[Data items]
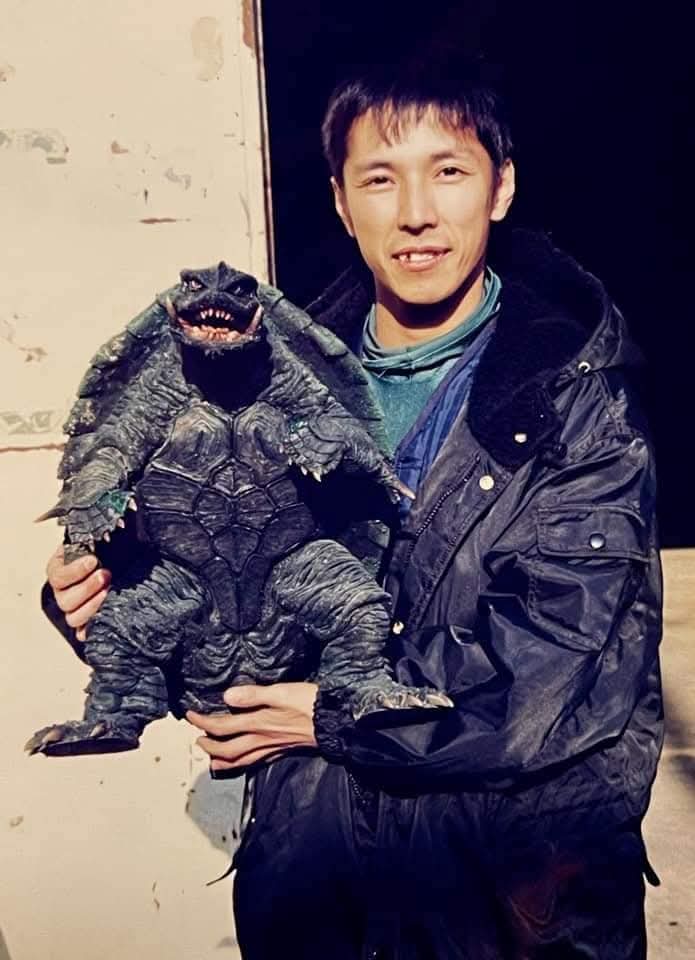 Akira Ohashi with a 1995 Gamera suit in 2017
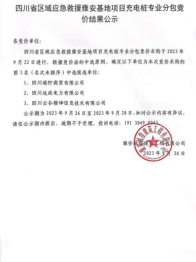 四川省區(qū)域應(yīng)急救援雅安基地項目充電樁專業(yè)分包競價結(jié)果公示
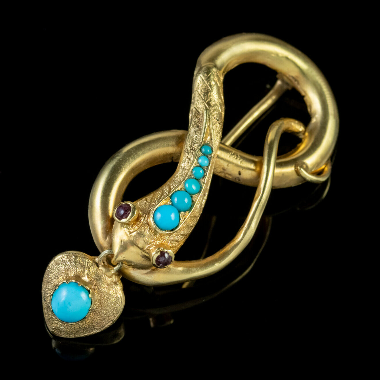 Antique Victorian Snake Brooch Turquoise Heart 18ct Gold c.1880
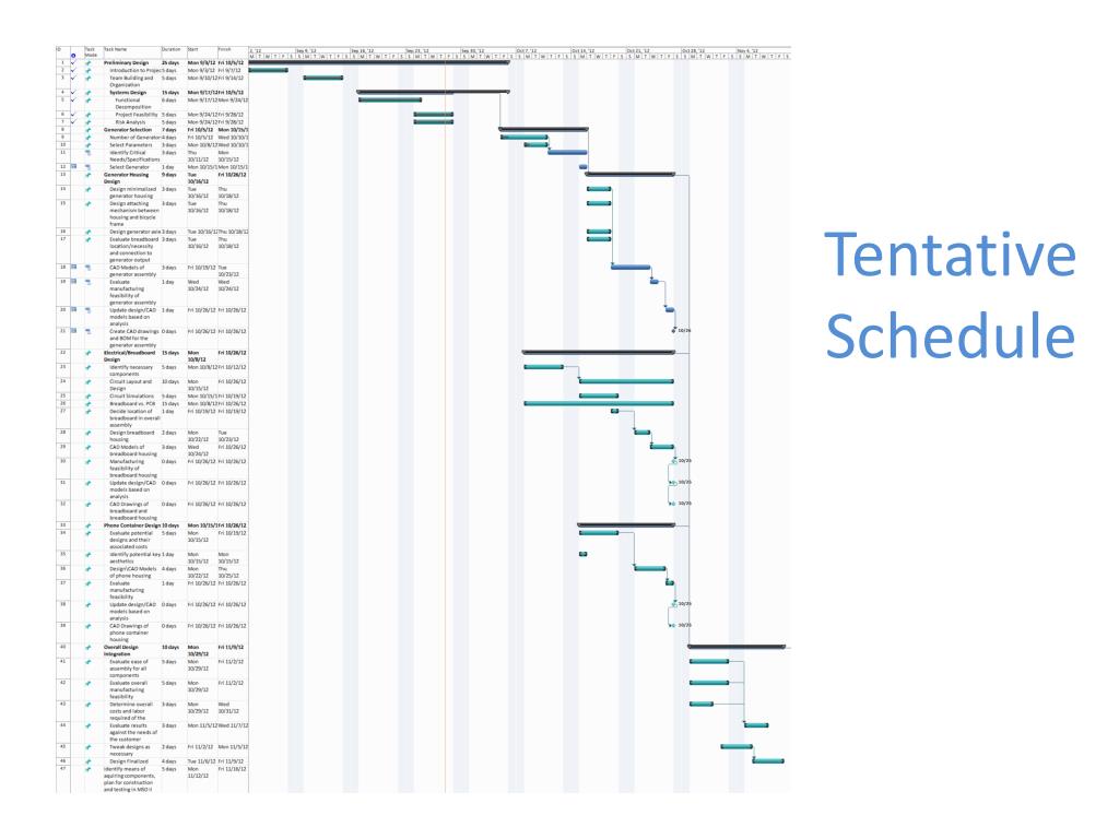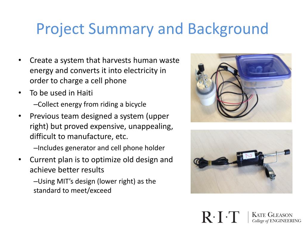 Project Summary and Background • Create a system that harvests human waste energy and converts it into electricity in order to charge a cell phone • To be used in Haiti • Collect energy from riding a bicycle • Previous team designed a system (upper right) but proved expensive, unappealing, difficult to manufacture, etc. • Includes generator and cell phone holder • Current plan is to optimize old design and achieve better results • Using MIT’s design (lower right) as the standard to meet/exceed
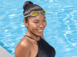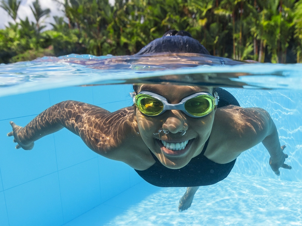 Ανθεκτικοί φακοί πολυκαρβονικού με UV φίλτρο προστατεύουν τα μάτια από τον ήλιο και εξασφαλίζουν καθαρή ορατότητα τόσο σε εξωτερικές όσο και σε εσωτερικές πισίνες.
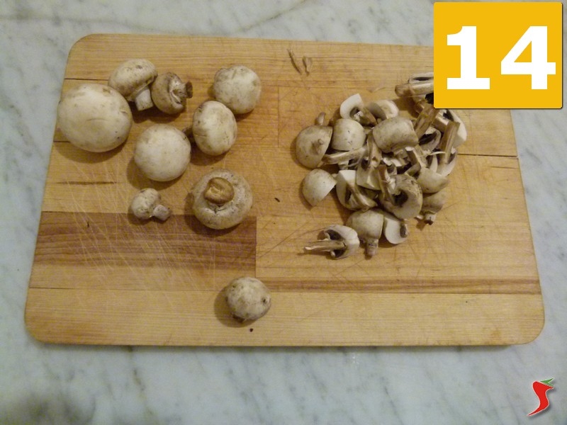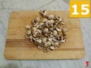 Nell’attesa che la pasta riposi si può iniziare con la preparazione della farcitura e del sugo. Quindi, prendere i funghi e riporli su di un tagliere (13), dopo averli puliti accuratamente, iniziare a tagliarli (14) fino a terminare tutta la quantità necessaria alla ricetta (15).
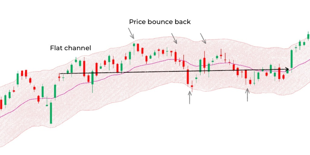 Há fortes perspectivas de reversão de tendência quando o preço fecha perto da borda do canal inferior ou superior. Uma dica de que o preço sairá em breve é indicada quando o Keltner Channel avança em uma direção plana.
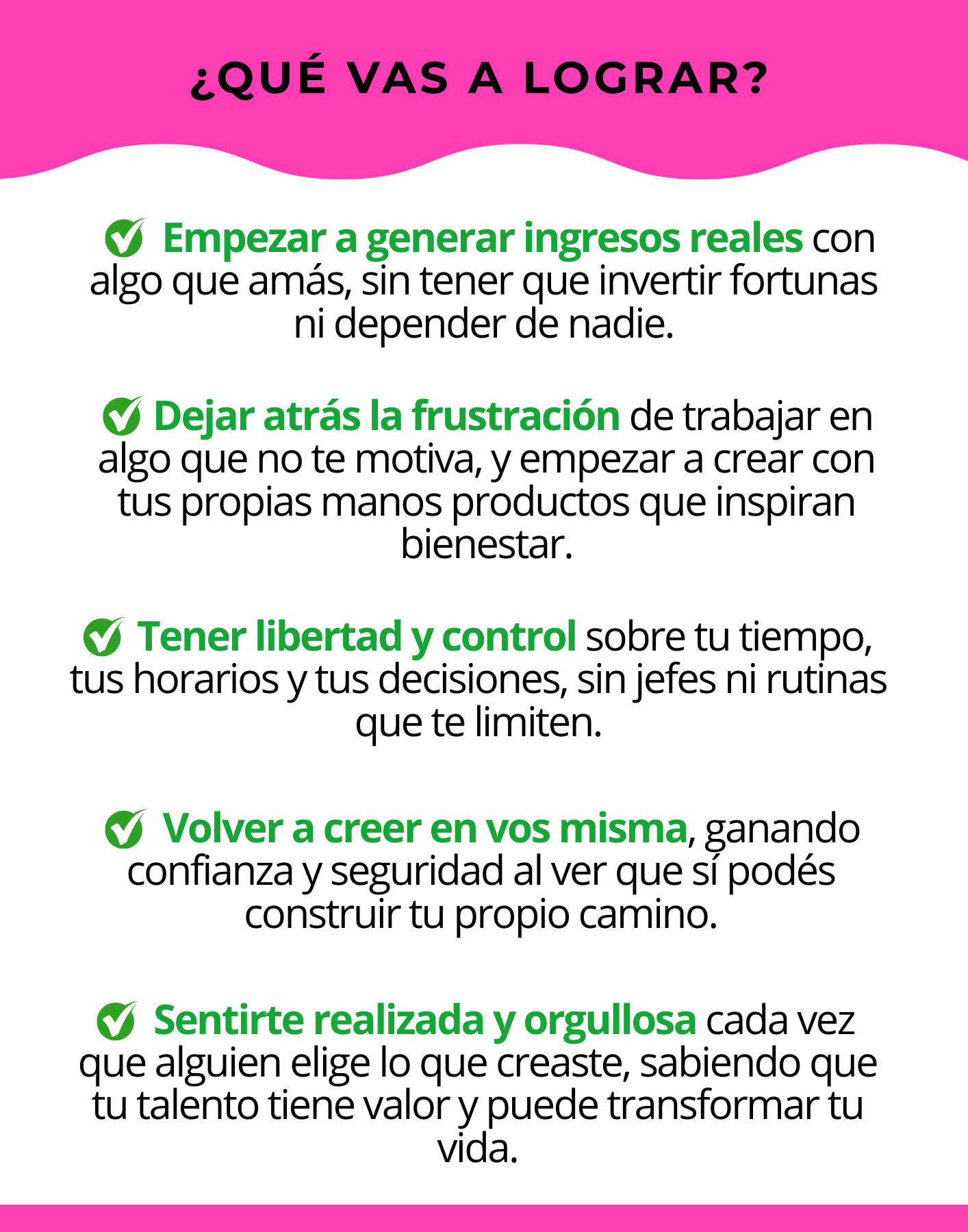 ✨ Ideal para crear desde casa, para tu propio uso o para arrancar (o escalar) tu emprendimiento artesanal con bases sólidas.

• _Exercise details_
Copy the lines exactly as they appear from the opening of the entries above through the line with "Antique Victorian Snake", excluding all pictures.

• _Result of this exercise_
 Akira Ohashi with a 1995 Gamera suit in 2017
 四川省區(qū)域應(yīng)急救援雅安基地項目充電樁專業(yè)分包競價結(jié)果公示
 Antique Victorian Snake Brooch Turquoise Heart 18ct Gold c.1880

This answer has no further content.